Wielu komentujących podnosi także interesującą kwestię – wcale nie ma pewności, że ograniczenie do 30 km/h rzeczywiście poprawia bezpieczeństwo na drogach? Zdaniem komentujących dokłądne przestrzeganie tego ograniczenia pogarsza koncentrację podczas jazdy, ponieważ kierowca, zamiast na drodze, skupia się na kontrolowaniu prędkościomierza.

Podobne wnioski płyną zresztą z badania, przeprowadzonego w 2016 roku przez Uniwersytet Zachodniej Australii. Świadomość surowej kary działa na kierowców stresująco, więc zamiast skupiać się na sytuacji na drodze, koncentrują oni swoją uwagę na dostosowaniu prędkości do obowiązującego limitu.
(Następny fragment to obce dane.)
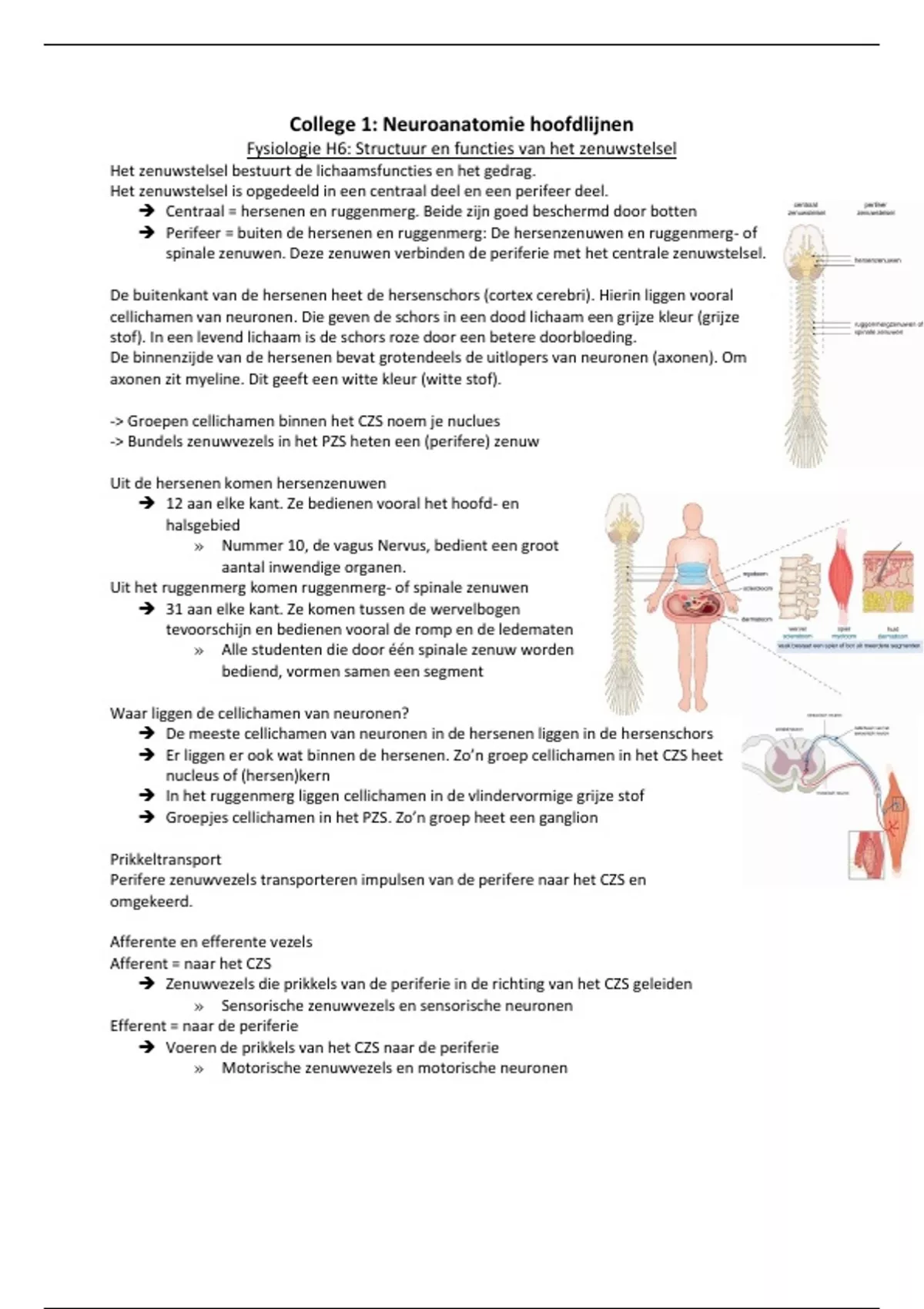 College 1: Neuroanatomie hoofdlijnen

Skuteczności ograniczenia prędkości do 30 km/h nie potwierdzają także wyniki brytyjskich badań, opublikowane w Journal of Epidemiology and Community Health. Badacze porównali statystyki dotyczące dróg, na których wprowadzono ograniczenie do 30 km/h (20 mph) i porównali je z tymi samymi danymi pozyskanymi z dróg, gdzie ograniczenia pozostały na poziomie 50 i 65 km/h (30 i 40 mph).
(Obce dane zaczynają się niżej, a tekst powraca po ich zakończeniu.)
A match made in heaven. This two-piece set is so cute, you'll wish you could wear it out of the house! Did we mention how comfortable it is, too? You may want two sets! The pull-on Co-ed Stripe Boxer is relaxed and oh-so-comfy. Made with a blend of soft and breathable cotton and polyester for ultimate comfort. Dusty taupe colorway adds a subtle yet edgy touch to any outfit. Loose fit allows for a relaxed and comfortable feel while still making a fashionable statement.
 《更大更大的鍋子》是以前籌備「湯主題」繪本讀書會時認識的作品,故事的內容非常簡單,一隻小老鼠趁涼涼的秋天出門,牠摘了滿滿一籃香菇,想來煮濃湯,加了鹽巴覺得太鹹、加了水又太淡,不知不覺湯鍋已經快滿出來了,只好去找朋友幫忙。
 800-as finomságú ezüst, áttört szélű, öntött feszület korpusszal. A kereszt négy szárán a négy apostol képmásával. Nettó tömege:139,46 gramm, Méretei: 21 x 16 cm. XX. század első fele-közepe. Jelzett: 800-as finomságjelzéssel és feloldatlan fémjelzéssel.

Okazało się, że w statystykach nie wykryto istotnych różnic w częstotliwości występowania wypadków na drogach z ograniczeniem do 30 km/h. Co więcej – stwierdzono, że średnia prędkość na drogach z różnymi ograniczeniami nie różniła się. Wprawdzie natężenie ruchu na drogach z prędkością ograniczoną do 30 km/h było niższe, ale mogło to wynikać z różnych czynników.

Grupa niezadowolonych z nowych regulacji bolończyków okazała się na tyle liczna, że udało im się złożyć petycję w sprawie zorganizowania referendum dotyczącego nowego ograniczenia prędkości. Liczba podpisów pod wnioskiem to niemal 40 tys.